Please indicate
We will use a logistic regression model to predict sex. Our metric to rate how well our model performs will be:
\[ \frac{1}{n}\sum_{i=1}^{n}I(y_i = \widehat{y}_i) \]
where \(I(A)\) is the indicator function that is equal to 1 if condition \(A\) holds, 0 otherwise. So
So what the above formula is reporting is the proportion of users’ sex we correctly predicted.
Define:
training of 2997 users (5% of users). We will train the logistic regression model to predict gender using this data. Since we want to train the model to tell who is female and who is not, we use the outcome variable is_female.test of the remaining 56,946 users (95% of users). We will test how good our trained model is using this data. So at first, we will pretend we don’t know the outcome variable is_female. We use the above model to make a prediction of sex for all 56,946 test users, then we use the is_female outcome to rate how well we performed.cleanprofiles <- profiles %>%
select(id, sex, income, job, pets, is_female) %>%
mutate(petowners = fct_recode(pets,
# New name = old name
"dogs" = "has dogs",
"dogs" = "has dogs and dislikes cats",
"dogs" = "has dogs and likes cats",
"both" = "has dogs and has cats",
"cats" = "has cats",
"cats" = "dislikes dogs and has cats",
"cats" = "likes dogs and has cats",
"neither" = "dislikes cats",
"neither" = "dislikes dogs",
"neither" = "dislikes dogs and dislikes cats",
"neither" = "dislikes dogs and likes cats",
"neither" = "likes cats",
"neither" = "likes dogs",
"neither" = "likes dogs and dislikes cats",
"neither" = "likes dogs and likes cats"
))
cleaner <- cleanprofiles %>%
mutate(job = fct_recode(job,
"other" = "military",
"other" = "unemployed",
"other" = "transportation",
"other" = "retired",
"other" = "rather not say",
"other" = "political / government",
"other" = "clerical / administrative",
"other" = "hospitality / travel",
"other" = "law / legal services",
"other" = "construction / craftsmanship"
))
newclean <- cleaner %>%
select(id, income, job, is_female, petowners) %>%
mutate(petowners = ifelse(is.na(petowners), "N/A", as.character(petowners))) %>%
mutate(job = ifelse(is.na(job), "N/A", as.character(job)))
set.seed(21)
training <- sample_n(newclean, 2997)
test <- newclean %>%
filter(!(id %in% training$id))
#graph to show proportion by sex
gender <- training %>%
group_by(is_female) %>%
tally()%>%
rename(gender = n) %>%
mutate(prop = gender/sum(gender))
ggplot(gender, aes(x = as.factor(is_female), y = prop)) +
geom_bar(stat = "identity", position = "dodge", fill = "violetred4", color = "darkslateblue", width = .65) +
theme_minimal() +
labs(title = "Proportion by Sex of Sample", x = "Female", y = "Proportion")
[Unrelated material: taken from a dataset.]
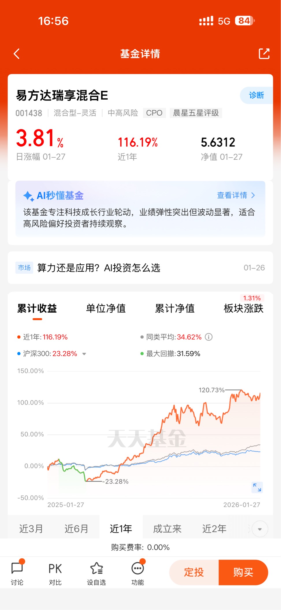 极致的产业布局,造就了易方达瑞享混合E惊艳的业绩表现。截至2026年1月27日,基金最新净值达5.6312,单日大涨3.81%,短期爆发力十足;拉长时间维度,这份业绩的成长性更为突出,近6个月收益率62.21%,近12个月收益率更是高达116.19%,在同类基金中稳居前列,成立以来累计回报更是达到358.61%,实现了长期复利的显著增长。而这份业绩的核心驱动力,正是基金对AI算力产业链的精准布局,通信行业持仓占比52.77%、电子行业30.74%,两大算力核心赛道合计占比超8成,中际旭创、新易盛、仕佳光子等算力硬件龙头成为重仓标的,这些标的在AI算力需求爆发的背景下持续走高,为基金贡献了核心收益,其中中际旭创单只个股就为基金带来27.32%的收益贡献。即便短期市场存在波动,基金近3个月仍实现7.98%的正收益,展现出较强的抗波动能力与修复能力。

Train the logistic regression model to predict sex. i.e. fit a logistic regression model to the training data. Assign this model to an R object called predict_sex_model, then rate how well the model performs on the training data.
#regression
predictsexmodel <- glm(is_female ~ income + job + petowners, data=training, family="binomial")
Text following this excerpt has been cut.